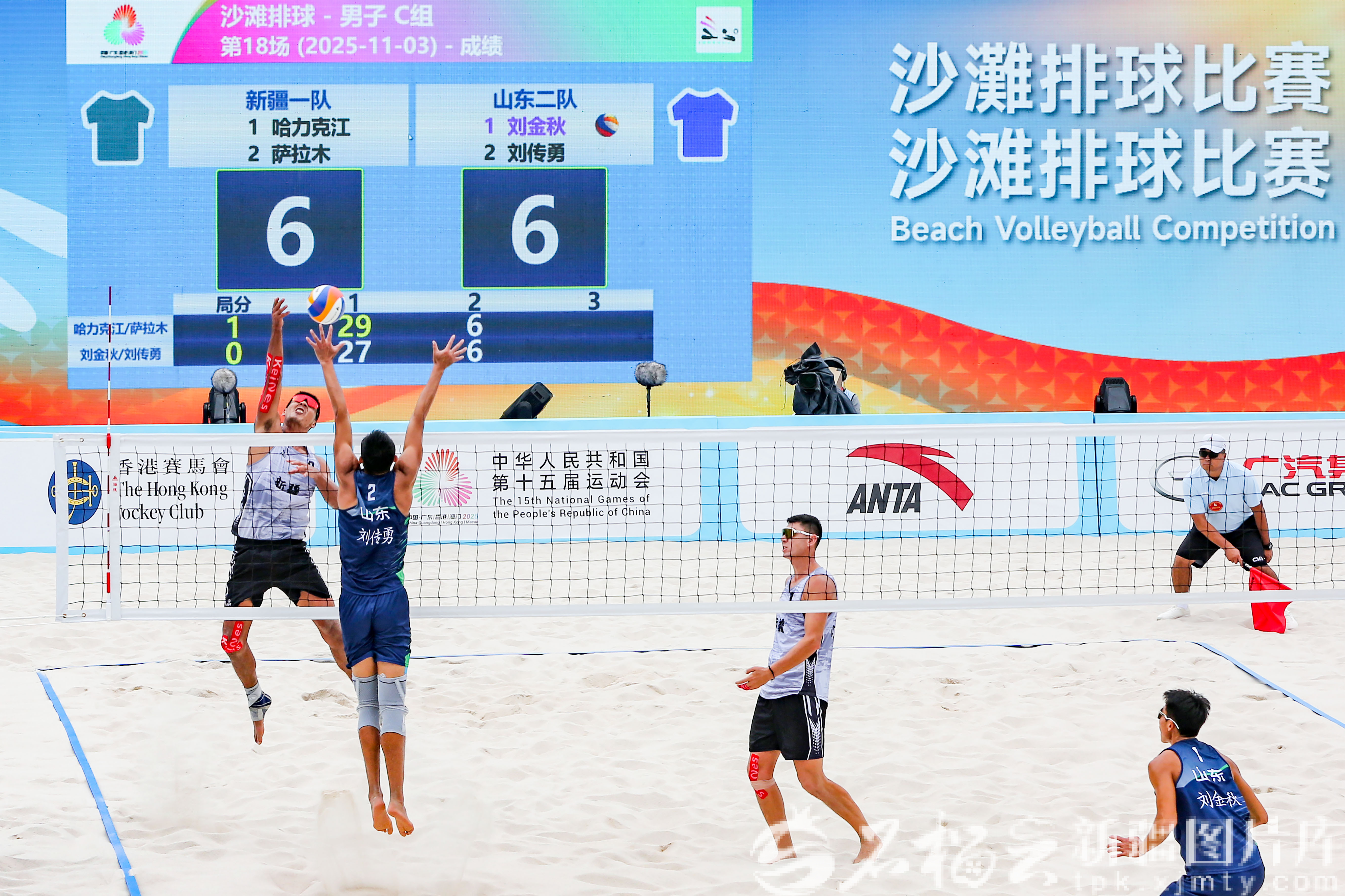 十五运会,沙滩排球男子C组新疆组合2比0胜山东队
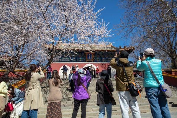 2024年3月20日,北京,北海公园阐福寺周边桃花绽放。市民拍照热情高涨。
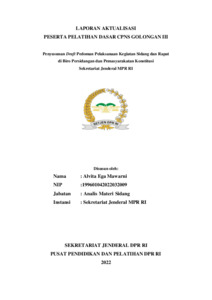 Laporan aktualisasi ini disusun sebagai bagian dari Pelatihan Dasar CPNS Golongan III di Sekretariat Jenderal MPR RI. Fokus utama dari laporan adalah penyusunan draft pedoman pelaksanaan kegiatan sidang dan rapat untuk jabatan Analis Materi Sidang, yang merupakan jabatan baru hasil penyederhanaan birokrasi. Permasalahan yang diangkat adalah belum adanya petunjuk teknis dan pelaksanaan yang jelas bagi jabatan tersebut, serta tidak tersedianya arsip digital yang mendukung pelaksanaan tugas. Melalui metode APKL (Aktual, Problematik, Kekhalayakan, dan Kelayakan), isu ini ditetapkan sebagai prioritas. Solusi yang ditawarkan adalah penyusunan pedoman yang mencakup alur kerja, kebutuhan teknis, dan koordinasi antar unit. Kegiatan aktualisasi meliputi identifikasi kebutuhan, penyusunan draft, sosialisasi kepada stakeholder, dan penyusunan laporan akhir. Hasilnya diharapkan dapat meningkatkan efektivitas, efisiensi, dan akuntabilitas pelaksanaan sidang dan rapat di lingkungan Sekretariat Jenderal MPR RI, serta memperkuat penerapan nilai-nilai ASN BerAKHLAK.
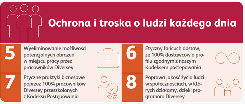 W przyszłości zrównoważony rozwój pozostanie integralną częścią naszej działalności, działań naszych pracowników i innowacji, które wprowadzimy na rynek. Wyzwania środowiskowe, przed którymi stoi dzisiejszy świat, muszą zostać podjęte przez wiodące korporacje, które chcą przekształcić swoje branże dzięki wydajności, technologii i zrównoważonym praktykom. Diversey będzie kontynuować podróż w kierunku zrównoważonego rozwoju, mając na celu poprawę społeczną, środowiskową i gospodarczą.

+ + + + +

◆ TASK OBJECTIVE
Print the whole listing above once more, word for word, without its pictures.

◆ EXERCISE RESPONSE
 十五运会,沙滩排球男子C组新疆组合2比0胜山东队
 2024年3月20日,北京,北海公园阐福寺周边桃花绽放。市民拍照热情高涨。
 Laporan aktualisasi ini disusun sebagai bagian dari Pelatihan Dasar CPNS Golongan III di Sekretariat Jenderal MPR RI. Fokus utama dari laporan adalah penyusunan draft pedoman pelaksanaan kegiatan sidang dan rapat untuk jabatan Analis Materi Sidang, yang merupakan jabatan baru hasil penyederhanaan birokrasi. Permasalahan yang diangkat adalah belum adanya petunjuk teknis dan pelaksanaan yang jelas bagi jabatan tersebut, serta tidak tersedianya arsip digital yang mendukung pelaksanaan tugas. Melalui metode APKL (Aktual, Problematik, Kekhalayakan, dan Kelayakan), isu ini ditetapkan sebagai prioritas. Solusi yang ditawarkan adalah penyusunan pedoman yang mencakup alur kerja, kebutuhan teknis, dan koordinasi antar unit. Kegiatan aktualisasi meliputi identifikasi kebutuhan, penyusunan draft, sosialisasi kepada stakeholder, dan penyusunan laporan akhir. Hasilnya diharapkan dapat meningkatkan efektivitas, efisiensi, dan akuntabilitas pelaksanaan sidang dan rapat di lingkungan Sekretariat Jenderal MPR RI, serta memperkuat penerapan nilai-nilai ASN BerAKHLAK.
 W przyszłości zrównoważony rozwój pozostanie integralną częścią naszej działalności, działań naszych pracowników i innowacji, które wprowadzimy na rynek. Wyzwania środowiskowe, przed którymi stoi dzisiejszy świat, muszą zostać podjęte przez wiodące korporacje, które chcą przekształcić swoje branże dzięki wydajności, technologii i zrównoważonym praktykom. Diversey będzie kontynuować podróż w kierunku zrównoważonego rozwoju, mając na celu poprawę społeczną, środowiskową i gospodarczą.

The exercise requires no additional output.